I agree it will retain some value but this was back of the envelope and I was throwing that important assumption out there. 

That said even if resale is 10k for resort view the math presented does nit change much. The cost for the owned week is still advice hotel rates and a OV owner rent is still better value. 



okwiater said:


> I think Nanea Oceanfront may actually hold similar value to WKORV Oceanfront.



Again I agree but the deal under discussion was for resort view


----------



## LisaRex

okwiater said:


> I think Nanea Oceanfront may actually hold similar value to WKORV Oceanfront.



I agree.  



			
				SMHarman said:
			
		

> That said even if resale is 10k for resort view the math presented does nit change much. The cost for the owned week is still advice hotel rates and a OV owner rent is still better value.
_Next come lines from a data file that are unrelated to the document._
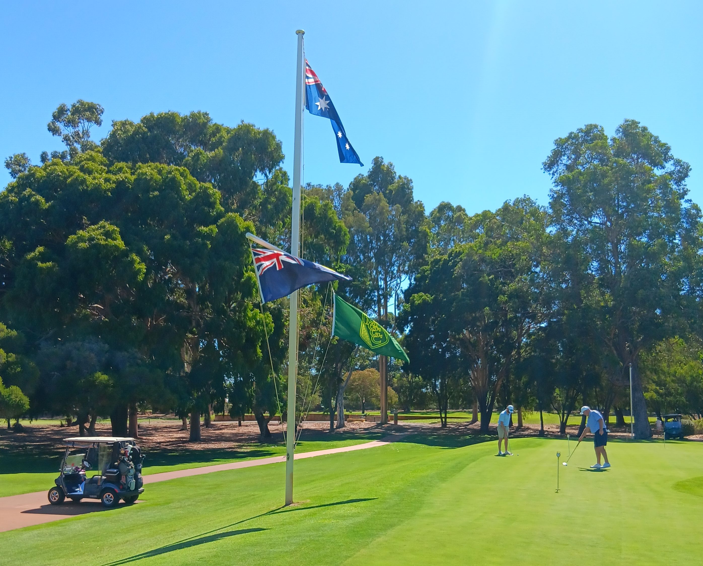 It is raised daily along with the Australian and Western Australian flags on the flagpole outside the clubhouse lounge beside the practice putting green.
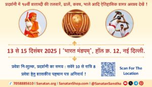 सनातन संस्थेच्या रौप्य महोत्सवी वर्षाच्या निमित्ताने देशाच्या राजधानीत होणाऱ्या महोत्सवात दिनांक १३ ते १५ डिसेंबर या तीन दिवसांच्या ‘स्वराज्याचा शौर्यनाद’ या नावाचे भव्य प्रदर्शन लावण्यात येणार आहे. हे प्रदर्शन हॉल क्रमांक १२ मध्ये सर्वांसाठी खुले राहील. या प्रदर्शनीत छत्रपती शिवाजी महाराजांनी हाताळलेल्या अनेक शस्त्रांचे साक्षात दर्शनही घेता येईल. यासमवेतच अन्य मराठा साम्राज्यातील सेनापतींनी चालवलेली शस्त्रे असणार आहेत. त्यात सरसेनापती हंबीरराव मोहिते यांचा भाला यांसारखी विविध शस्त्रे असतील.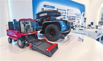龙门实验室研发的油莎豆高效联合收获机和果园智能除草机器人模型。本报记者 尹江勇 摄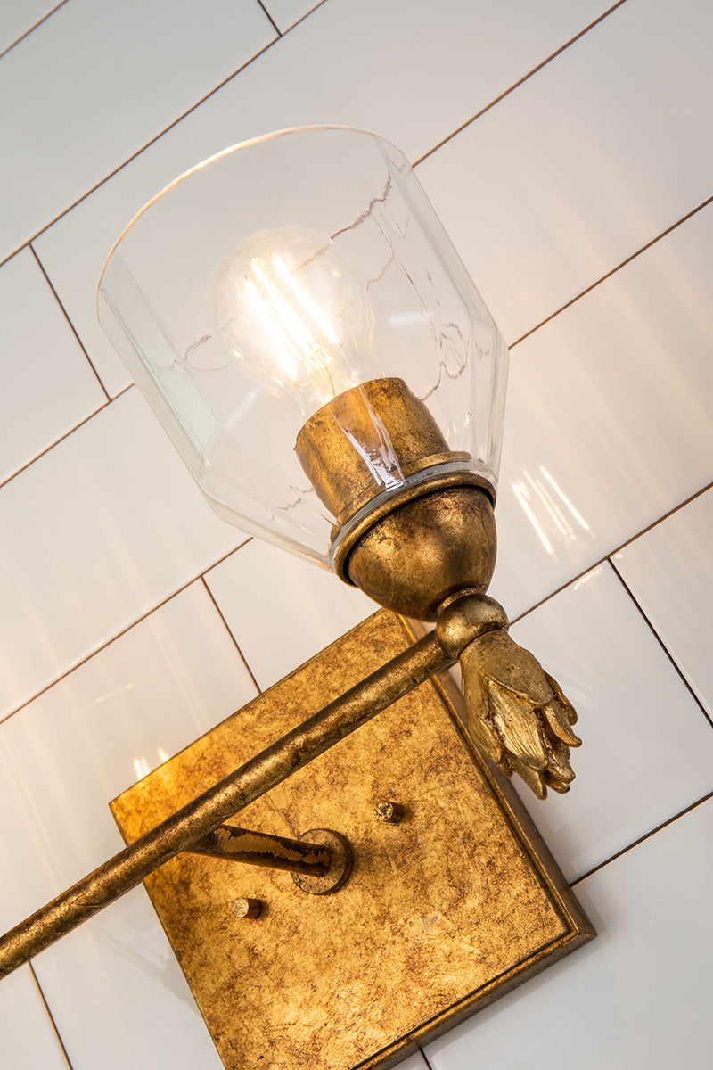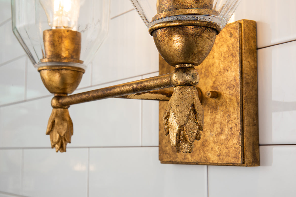 Drawing inspiration from a classic design, this polished chrome 2-light vanity light is the perfect pick for any contemporary or traditional space. This Felice design showcases a simple, rectangular 5" square backplate, dome shaped glass shade, and a decorative unique flame-shaped gold finial. Easily installed over your mirror, this two-light sconce is suitable for damp spaces, and is finished in a beautiful antique gold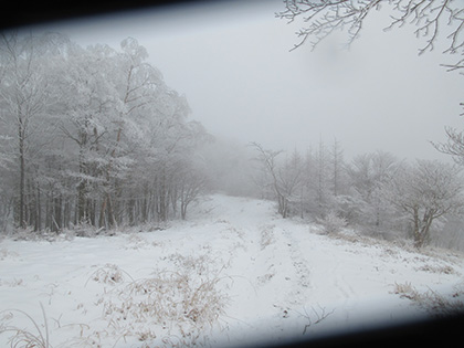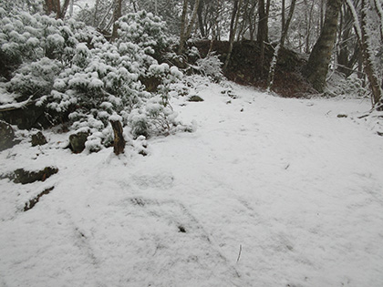 キリンボ尾根は雪で全貌がよく見えないこともあって巳ノ戸谷からいちばん傾斜のゆるそうな支尾根に取付きました。本尾根は急登の連続。雪は断続的に降り、チェーンスパイクは踏んだ雪を圧縮して固まり積み重なり、すぐにぽっくり下駄状態になるのでザックにしまいました。雪化粧の尾根はそれはそれで見応えがあるんですが、「素顔の君が見たい」などと思いながらルーツファインディング(登攀を支持する木の根を探ること)で軍手をドロビチャにしながら薄っすら汗をかいて激登は続くのでした。

Absolutely agree, but just wanted to point out that it probably won't lose 100% of its value. 

Now that I think about it, other than the voluntary SVV/SVR and possibly outliers like the Port St. Lucie property, are there any Starwood TSs that have lost 100% of their value? IOW, owners have to give them away? 

That also has me wondering how Villas in Cave Creek are faring since they bucked SVN?  It looked like it could be a really unique place to stay,  and I have to say that I rather admired that they booted out their overlord, but I'll admit I haven't followed it at all.


----------



## SMHarman

LisaRex said:


> I agree.
> 
> 
> 
> Absolutely agree, but just wanted to point out that it probably won't lose 100% of its value.
> 
> Now that I think about it, other than the voluntary SVV/SVR and possibly outliers like the Port St. Lucie property, are there any Starwood TSs that have lost 100% of their value? IOW, owners have to give them away?


Summer weeks in WKV have no value. 1450 mf and 700 rental value or easy exchange in II with anything. 

Similarly even HRA as near zero value units especially with the transfer costs.


----------



## dsmrp

SMHarman said:


> Summer weeks in WKV have no value. 1450 mf and 700 rental value or easy exchange in II with anything.
> 
> Similarly even HRA as near zero value units especially with the transfer costs.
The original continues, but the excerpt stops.